Your instructions
Transcribe every line from the one containing "The McCanns give" through the end of the records below, exactly, but not the pictures.

The data
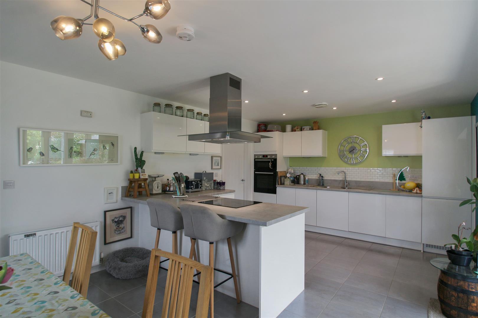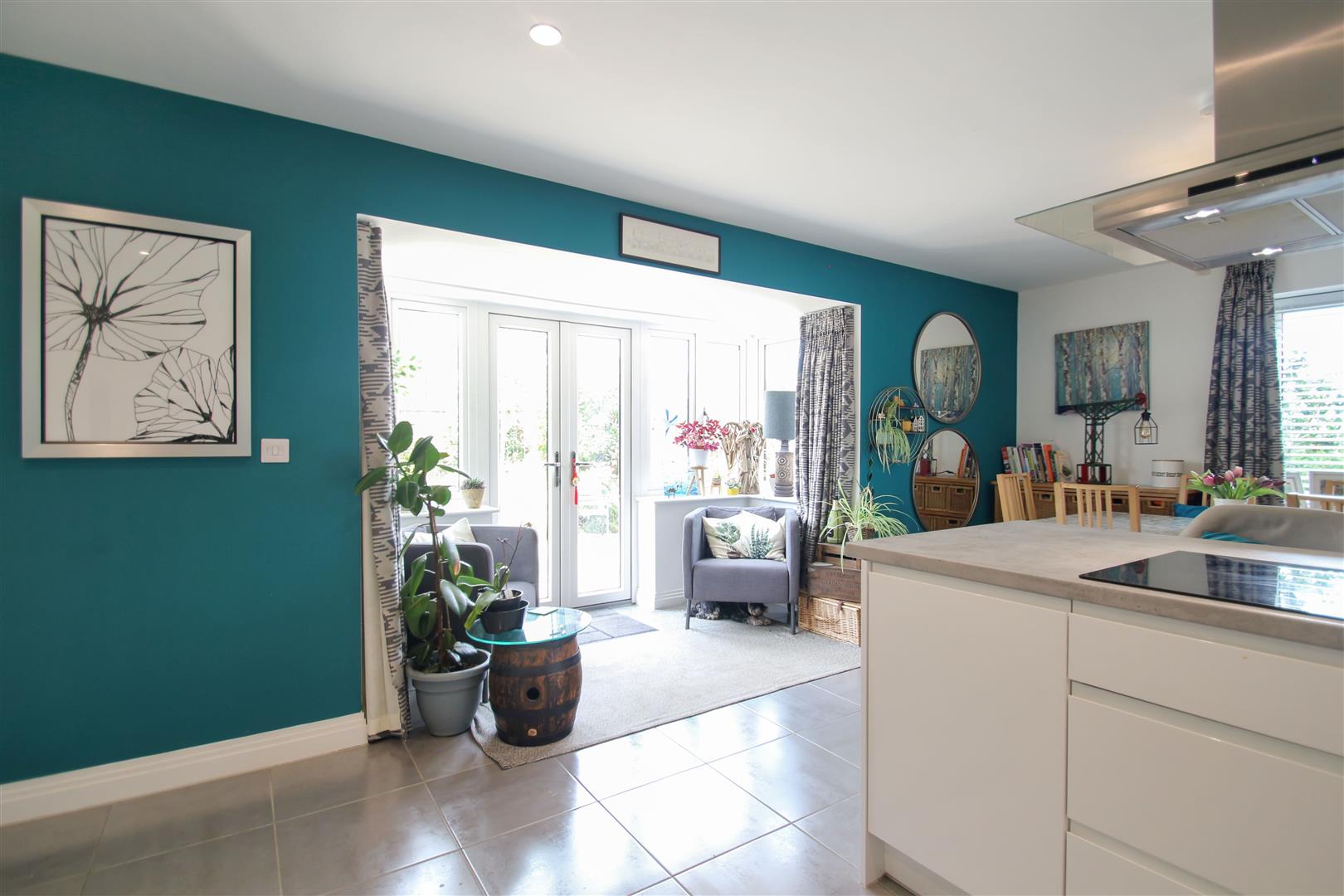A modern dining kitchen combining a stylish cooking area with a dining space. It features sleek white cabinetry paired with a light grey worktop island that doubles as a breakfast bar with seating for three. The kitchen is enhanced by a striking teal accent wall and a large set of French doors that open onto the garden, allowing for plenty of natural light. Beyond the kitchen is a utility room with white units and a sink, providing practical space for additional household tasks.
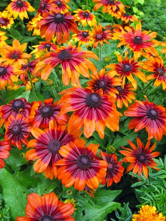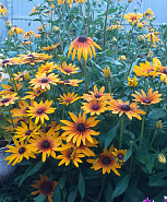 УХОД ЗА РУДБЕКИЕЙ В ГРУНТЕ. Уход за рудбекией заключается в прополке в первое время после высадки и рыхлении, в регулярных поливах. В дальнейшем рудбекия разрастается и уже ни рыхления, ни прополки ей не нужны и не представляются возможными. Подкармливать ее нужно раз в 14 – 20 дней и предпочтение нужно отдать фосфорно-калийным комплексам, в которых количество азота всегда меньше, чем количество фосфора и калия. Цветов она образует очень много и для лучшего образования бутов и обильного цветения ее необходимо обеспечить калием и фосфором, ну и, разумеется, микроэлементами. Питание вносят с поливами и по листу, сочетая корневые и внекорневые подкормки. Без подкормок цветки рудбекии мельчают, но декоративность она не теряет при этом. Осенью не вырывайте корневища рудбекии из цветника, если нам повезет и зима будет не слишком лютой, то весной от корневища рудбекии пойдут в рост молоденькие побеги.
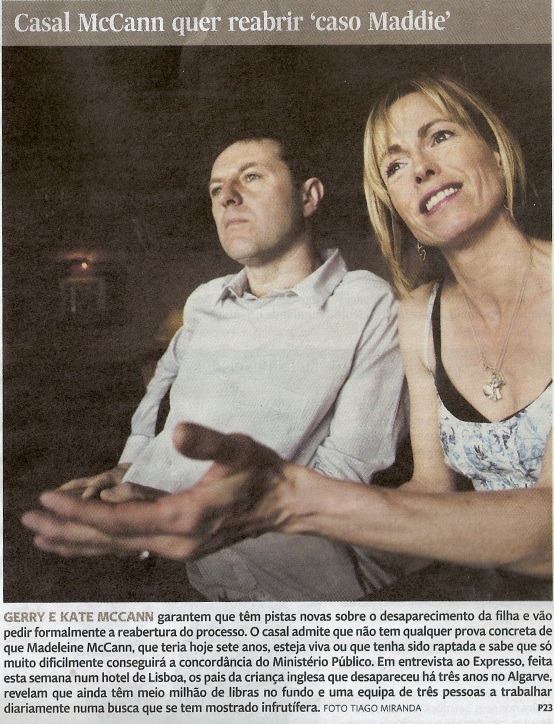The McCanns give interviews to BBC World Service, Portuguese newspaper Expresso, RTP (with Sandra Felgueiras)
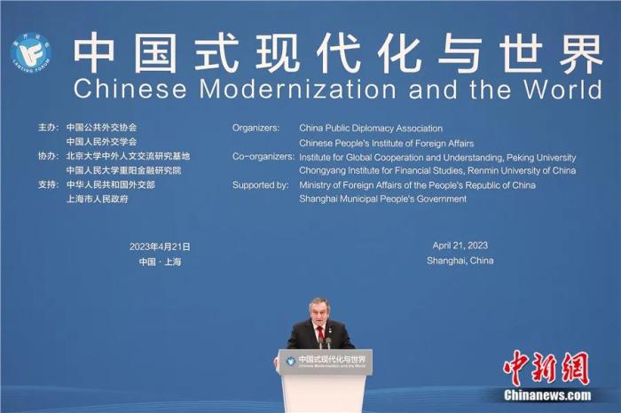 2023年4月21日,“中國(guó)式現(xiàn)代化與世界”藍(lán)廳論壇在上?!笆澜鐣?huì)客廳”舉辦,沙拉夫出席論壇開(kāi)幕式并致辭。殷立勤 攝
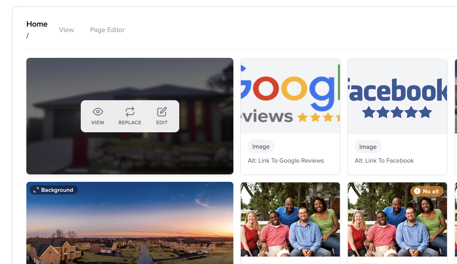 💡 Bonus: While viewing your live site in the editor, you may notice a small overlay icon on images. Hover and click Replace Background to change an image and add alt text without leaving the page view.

Answer to this task
The McCanns give interviews to BBC World Service, Portuguese newspaper Expresso, RTP (with Sandra Felgueiras)
 2023年4月21日,“中國(guó)式現(xiàn)代化與世界”藍(lán)廳論壇在上?!笆澜鐣?huì)客廳”舉辦,沙拉夫出席論壇開(kāi)幕式并致辭。殷立勤 攝
 💡 Bonus: While viewing your live site in the editor, you may notice a small overlay icon on images. Hover and click Replace Background to change an image and add alt text without leaving the page view.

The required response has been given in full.